Artifact size cannot be predicted merely from the designation "steel". Nor did the crystalline structure of the baseline material from which a steel device had been produced have major implications for artifact size. Relevant, however, was the magnetic permeability (or susceptibility) of the final products, which is not disclosed by the manufacturers, and it cannot be measured on fixed intraoral appliances. Furthermore, the present investigation reveals that some steel devices can remain in situ without triggering adverse consequences.
Ferromagnetic materials used in dentistry are not intraorally standardized. To ensure, that the area of interest is not affected by the described artifacts, the maximum extent of the signal loss area should be assumed: a radius of up to 7 cm in 1.5 and 3.0 T MRI by T1 and T2 sequences, and a radius of up to 10 cm in T2* sequences.
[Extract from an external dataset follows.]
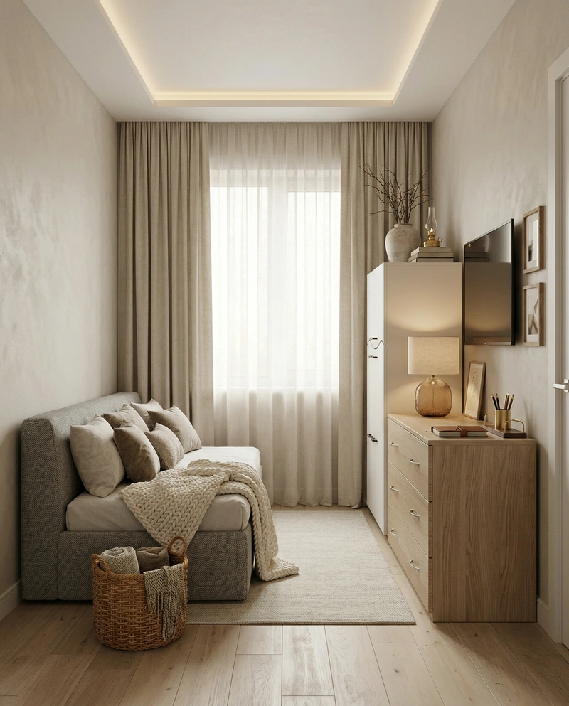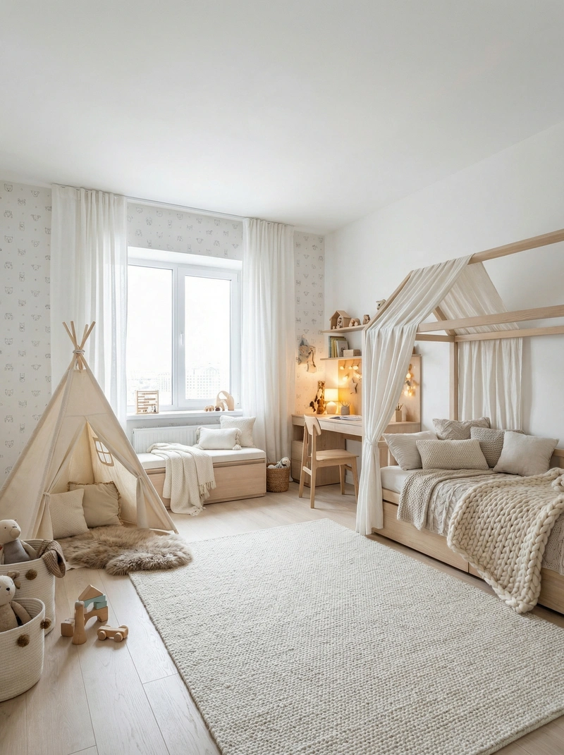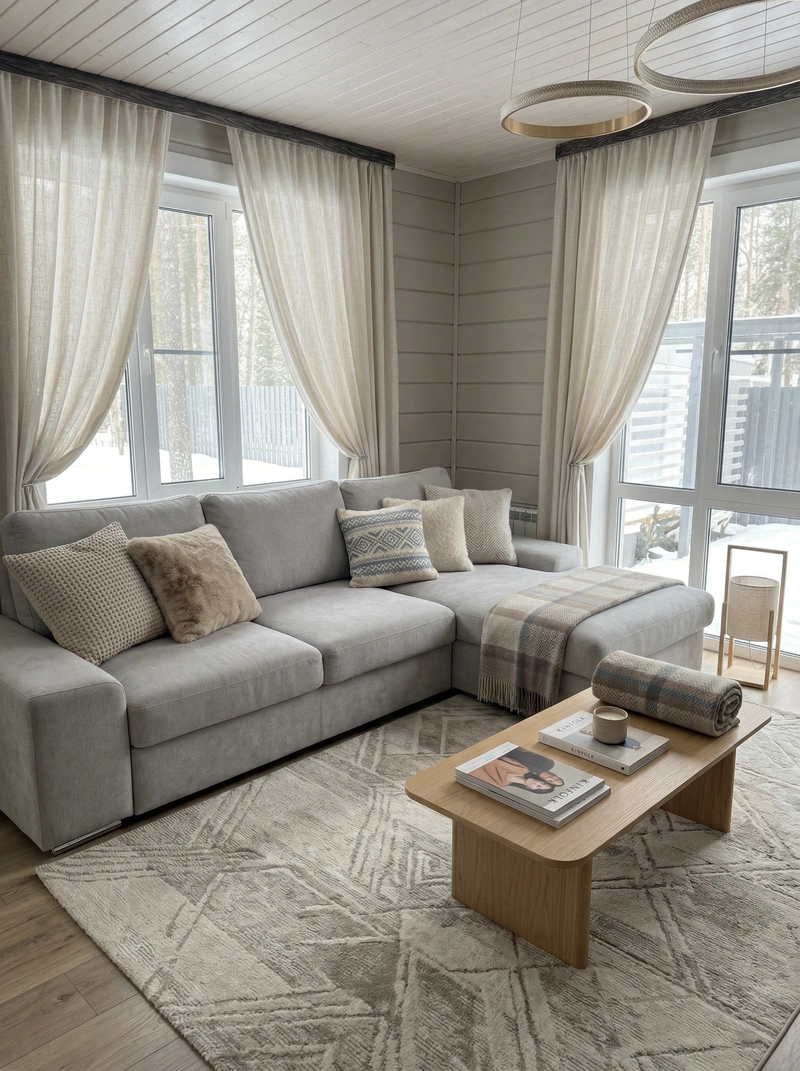 Уютный скандинавский стиль с акцентом на комфорт и тёплую атмосферу. Натуральные материалы, мягкие текстуры и приглушённые тона создают ощущение домашнего тепла и спокойствия.

To decide whether magnet attachments have to be removed before MR imaging, physicians should consider both the intact retention of the keepers and the safety distance between the ferromagnetic objects and the area of interest.
As a precaution, the worst-case scenario, i. e. an antiparallel orientation, should be assumed when using a duo-magnet system. If an MRI can be postponed, the general dentist should remove implant-borne magnets. If there is a vital indication, irreversible damage to the magnets is acceptable in consultation with the patient since the replacement costs are irrelevant given the underlying disease.